ENKAZDAKİ ÇİÇEKLER UMUDUN SEMBOLÜ
Kahramanmaraş merkezli depremlerin en çok etkilediği şehir Hatay. Yerle bir olan kentte yara sarma çalışmaları sürüyor. Hataylılar zor koşullara rağmen hayata tutunmaya çalışıyor. Onların hayata tutunmaya çabasına, Hataylı bir illüstratör olan Çağla Köseoğlu da yıkılan binaların üzerine, “umuda yer açılsın” diye “günebakan” resimleri çizerek, destek olmaya çalışıyor.
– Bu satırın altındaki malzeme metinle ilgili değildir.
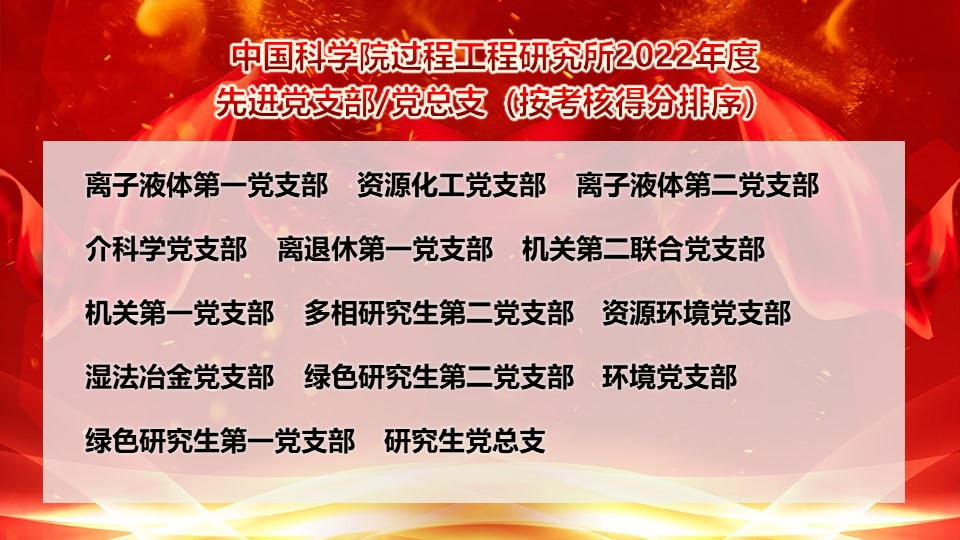 经由所党委委员、各党支部/总支书记组成的评审团打分,被评为“先进”的党支部为(按得分高低排序):离子液体第一党支部、资源化工党支部、离子液体第二党支部、介科学党支部、离退休第一党支部、机关第二联合党支部、机关第一党支部、多相研究生第二党支部、资源环境党支部、湿法冶金党支部、绿色研究生第二党支部、环境党支部、绿色研究生第一党支部。评为“先进”的党总支为研究生党总支。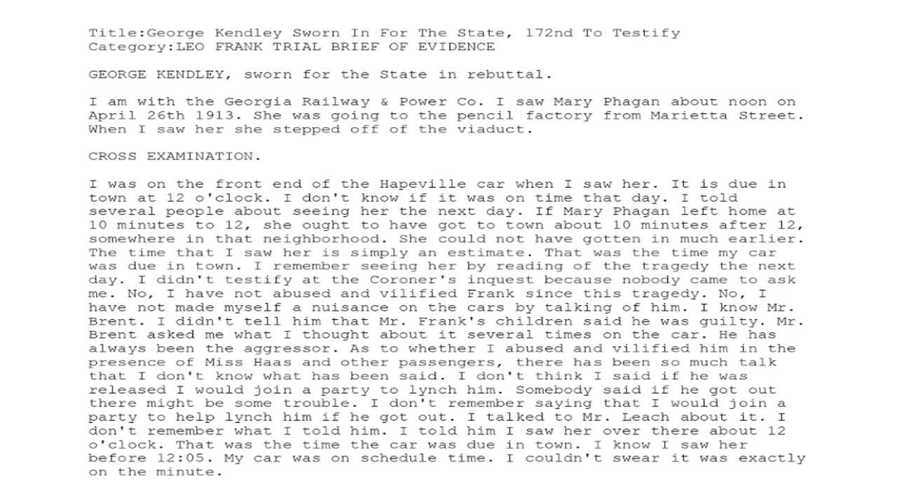 I was on the front end of the Hapeville car when I saw her. It is due in town at 12 o'clock. I don't know if it was on time that day. I told several people about seeing her the next day. If Mary Phagan left home at 10 minutes to 12, she ought to have got to town about 10 minutes after 12, somewhere in that neighborhood. She could not have gotten in much earlier. The time that I saw her is simply an estimate. That was the time my car was due in town. I remember seeing her by reading of the tragedy the next day. I didn't testify at the Coroner's inquest because nobody came to ask me. No, I have not abused and vilified Frank since this tragedy. No, I have not made myself a nuisance on the cars by talking of him. I know Mr. Brent. I didn't tell him that Mr. Frank's children said he was guilty. Mr. Brent asked me what I thought about it several times on the car. He has always been the aggressor. As to whether I abused and vilified him in the presence of Miss Haas and other passengers, there has been so much talk that I don't know what has been said. I don't think I said if he was released I would join a party to lynch him. Somebody said if he got out there might be some trouble. I don't remember saying that I would join a party to help lynch him if he got out. I talked to Mr. Leach about it. I don't remember what I told him. I told him I saw her over there about 12 o'clock. That was the time the car was due in town. I know I saw her before 12:05. My car was on schedule time. I couldn't swear it was exactly on the minute.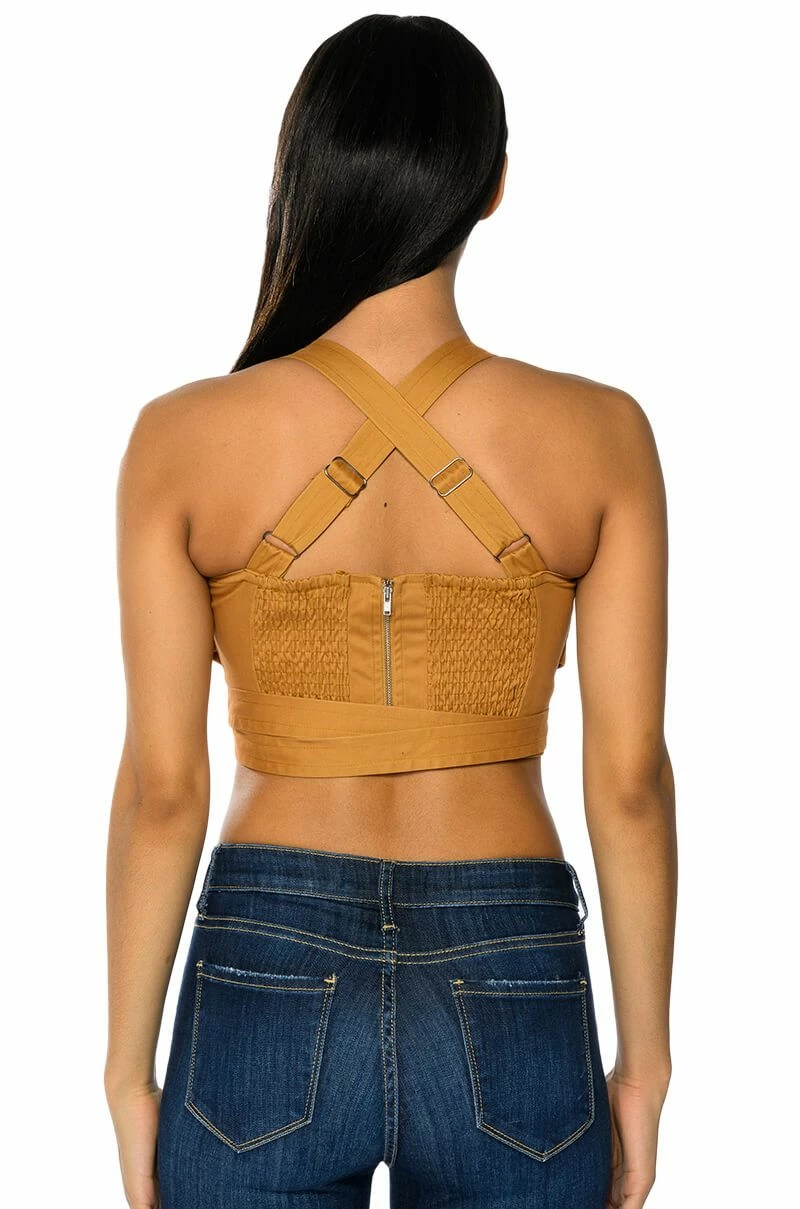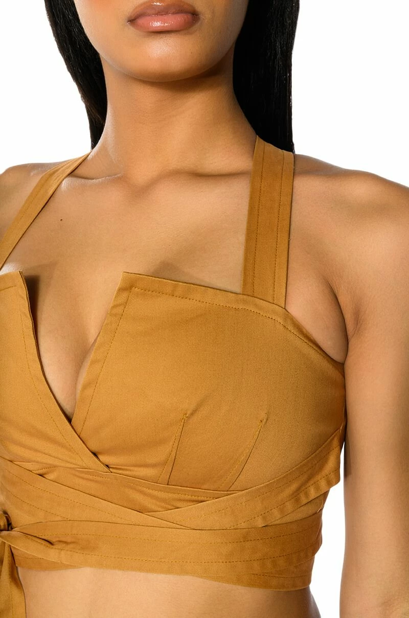 The AKIRA Label Londyn Cross Back Wrap Tank Top is made from a soft, structured base fabric and features a unique wrap front design, adjustable thick tank straps, and a V-cut neckline. Complete with wrap-around waist straps, cross back straps, scrunched elastic at the back for a comfortable fit, and an exposed back zipper closure. Pair this cropped top with the coordinating bottoms, The AKIRA Label Londyn Wide Leg Trouser, for an unbeatable London look!

Marmara Üniversitesi Güzel Sanatlar Fakültesi mezunu olan Köseoğlu, Hatay Akademi Senfoni Orkestrası ve Onur Polat’ın “Hatay’ı renklendiriyoruz” çağrısının ardından kente gelerek çalışmalarına başlamış:
BOŞ BİR DUVARLA BAŞLADI
“Aslında amacım Hatay Akademi Senfoni Orkestrası ve Onur Polat’ın çağrısına katılmaktı. Çizim yaparken boş bir duvar gördüm ve aklıma Maraş’ta çekilen ayçiçeklerinin fotoğrafı geldi. Ve yıkılacak bir evin duvarına yaptım. Hem mekanın hatırasına saygı hem de yıkıntılar arasında umuda yer açsın diye. Küçük bir kız kendi konteynerine de yapıp yapamayacağımı sordu. Çizimi yaptığımda o küçük kızın mutlu olması beni de mutlu etti, böyle karar vermiş oldum aslında. Amacım insanlara hem umut vermek hem enkazlar arasında yaşamın olduğunu vurgulamaktı.”
ESKİ ANTAKYA’NIN UMUDU
Neden “günebakan” resimleri çizdiğine ilişkin soruya da Köseoğlu şöyle cevap veriyor:
“Benim doğduğum ev de, çocukluğumun geçtiği ev de yıkılmış, buralar birçok insana mezar oldu. Zeytinliklerle dolu olan köylerde, plansız bir yapılaşma oldu. Ve bir çoğu arkadaşlarımıza, ailemize, eşimize, dostumuza mezar oldu. Rönesans Rezidans Cennet Bir Köşe olarak tanıtılmıştı. Buralarda bir zamanlar yaşam vardı ve yaşayan insanlar günebakanlardı. Bu benim için bir vefa borcu ve anma, hatırlama, hatırlatma. İnsanların evlerinin mezar olması, kulağa o kadar ağır geliyor ki. Bunu görmezden gelemeyiz, o alanlardaki yaşamı hatırlamalı, unutturmamalıyız, o binaları yapanlara da izin verenlere de öfkelenmeliyiz. Bu yıkımın ardında bir zamanlar yaşam vardı ve yine yeşerecek olan bir yaşam var. Umudumuz var. Ben yaparken yaşayanları düşünüyorum, hikâyeleri düşünüyorum. Eski Antakya’nın umudunu hissediyorum insanlara birazcık umut hissettirsin istiyorum.”